The first step towards computing the effective mass is to be able to compute the band structure E(k) for a given k, instead of a route. This function (class, really) is provided in the attached script.
To use this to compute the effective mass is both trivial and rather tricky. All you really need to do is provide this function with some k-points that lie in the correct direction, say 21 points that span a smallish interval around the k point that corresponds to the conduction/valence band minimum/maximum, compute E(k) for these points, then fit a parabola through the points. This can be done using numpy, or you can just do it in Excel. Oh, you also need the band index, for which to extract the energies, but that's just the number of electrons in the system divided by two (remember, we are talking about semiconductors here!).
The tricky parts are:
- Putting the k-points in the correct direction, esp. for the transverse masses
- Getting the metric right, i.e. what are the actual k-points, in Cartesian (reciprocal) coordinates
The first point actually makes it very hard to make a "simple" black box script that just computes the effective masses. The appropriate "longitudinal" and "transverse" directions depends on the situation, and as a user you must carefully consider which reciprocal vectors to direct the k-points along.

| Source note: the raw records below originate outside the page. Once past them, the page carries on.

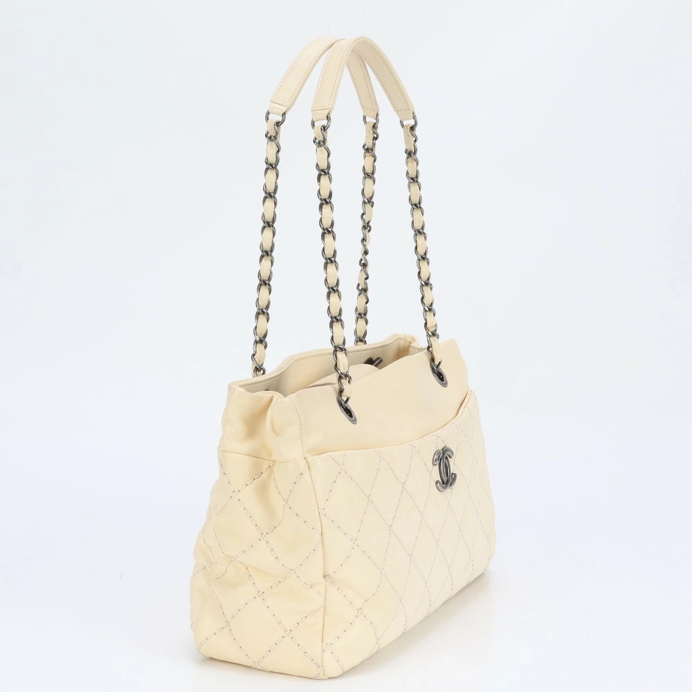 Excellent condition Chanel wild stitch leather shoulder bag/tote bag, women's, RRE BO4-5, from Mitsukoshi Ginza Boutique, guaranteed and serial number included.
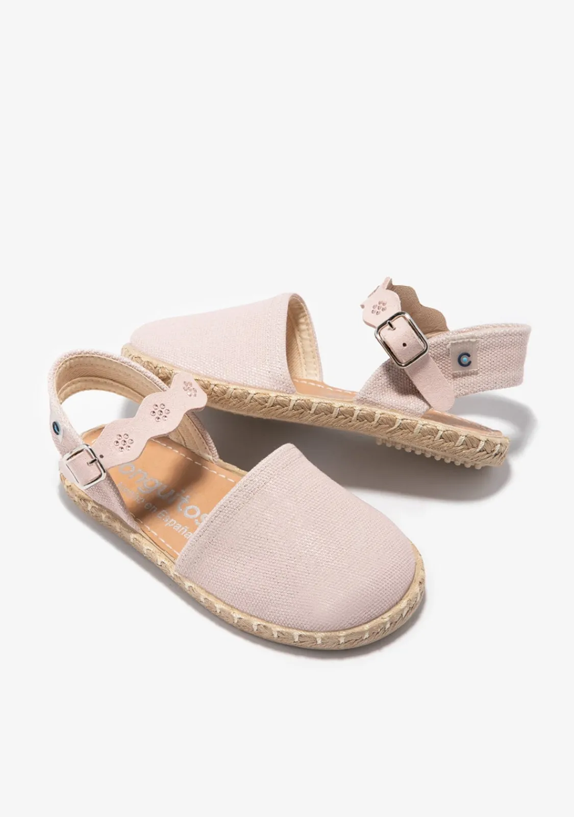 Alpargatas rosas con detalles en strass. Tiene la parte frontal cerrada y de tela rosa. Su cierre es de pulsera rosa con hebilla para una mayor sujeción al pie y está decorada con flores de brillos.
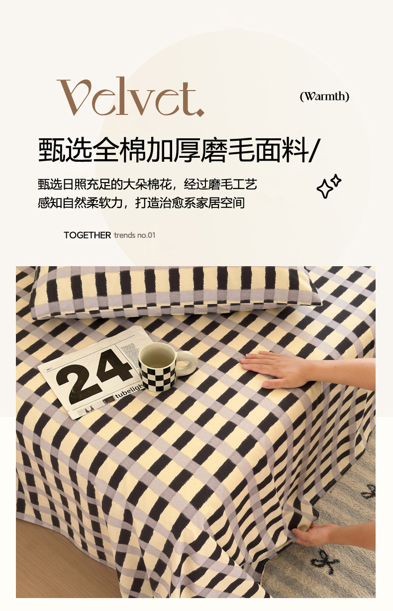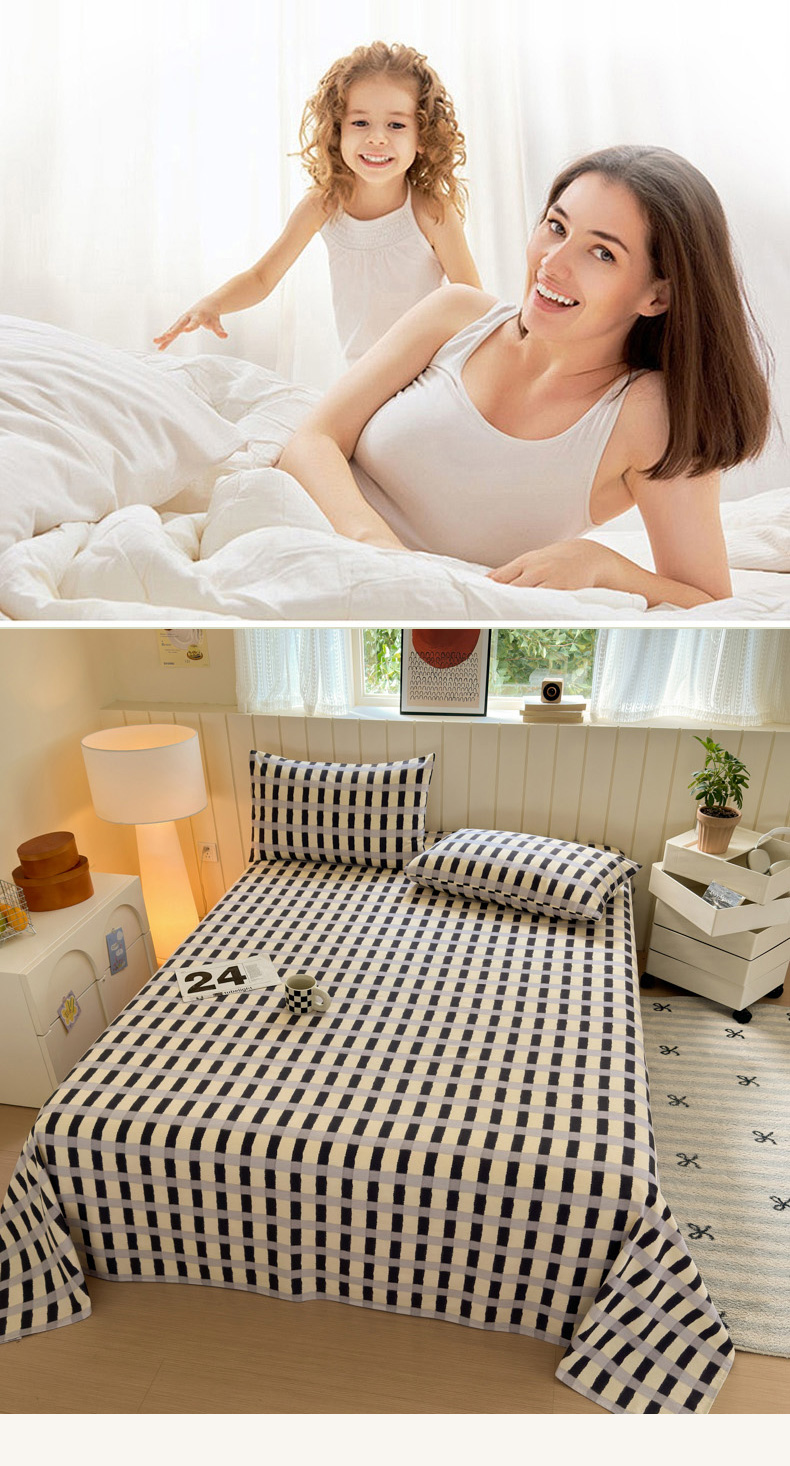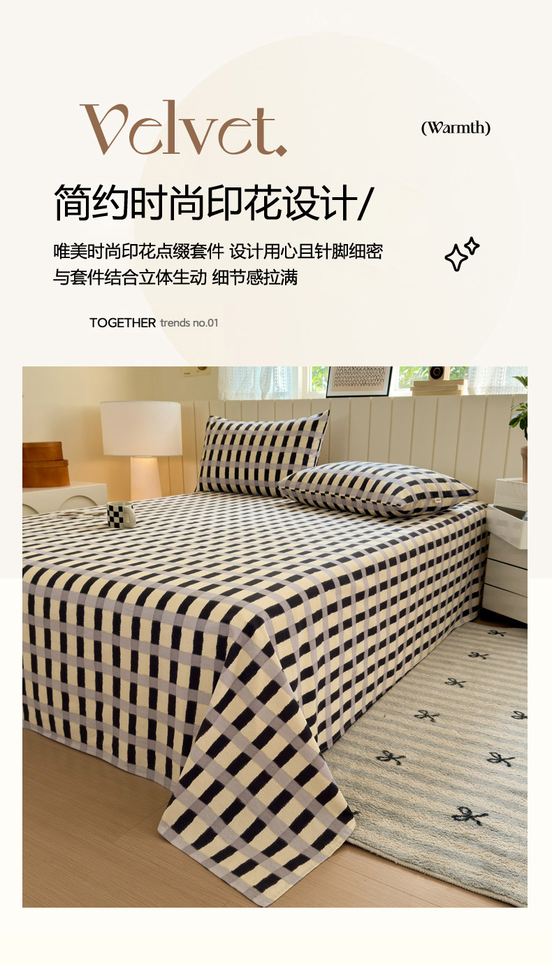 如意朵 2025新款时尚印花全棉加厚磨毛床单 艾格-蓝灰

For example, for Si we can read in many papers that the conduction band minimum lies about 85% of the way on the Delta symmetry line towards the X point. Now, you can further read in some places (e.g.
here, if you enter 225 for the space group), that the X point in the fcc lattice lies at (0,1,0) in "conventional ITA notation". However, in primitive notation, which is what we use in ATK, it's (½,0,½). Thus the Delta valley minimum is at (0.425,0,0.425), which (normalized) becomes the longitudinal direction.
(Actually, the referenced website, which is an excellent reference for space group symmetries, recently made some updates to make the symmetry point notation a bit clearer. It was much harder to distinguish the primitive and conventional coordinates before.)
But what to choose for the transverse direction? It should be two vectors perpendicular to the longitudinal direction, but we cannot compute that in the non-orthogonal coordinate system spanned by the reciprocal fcc vectors (which of course span a bcc cell). We have to do it in the corresponding conventional cell (simple cubic), i.e. find two vectors perpendicular to (0,1,0). This is simple enough, of course we choose (1,0,0) and (0,0,1), again in
conventional notation. Converting these to the corresponding (unnormalized) primitive directions, we get (0,1,1) and (1,1,0). Note how these do not appear to be perpendicular to (1,0,1), but that's because the bcc metric is not orthogonal!
Also, the "effective mass" as such is not a completely well-defined concept: do you mean the DOS mass, or the conductivity mass, or what? Notably, in order to compute these you need the mass along several different directions, and as elaborated on above, the script can not really be expected to find these out by itself.
So, one can't deliver the effective mass calculation as a "simple function", because there are several key decisions that need to be made by the user. At the very minimum, we will need to ask for the 3 directions as input, instead of (as before, incorrectly) assuming we can compute them inside the function.
I will return with some more details soon, on how to do the parabolic fitting etc. But I have to think about how to design the user interface so that it is, at the same time, easy to use, but does not present itself as a black box - because it is just not a well-defined question to ask for "the" effective mass for a given system (or even k-point).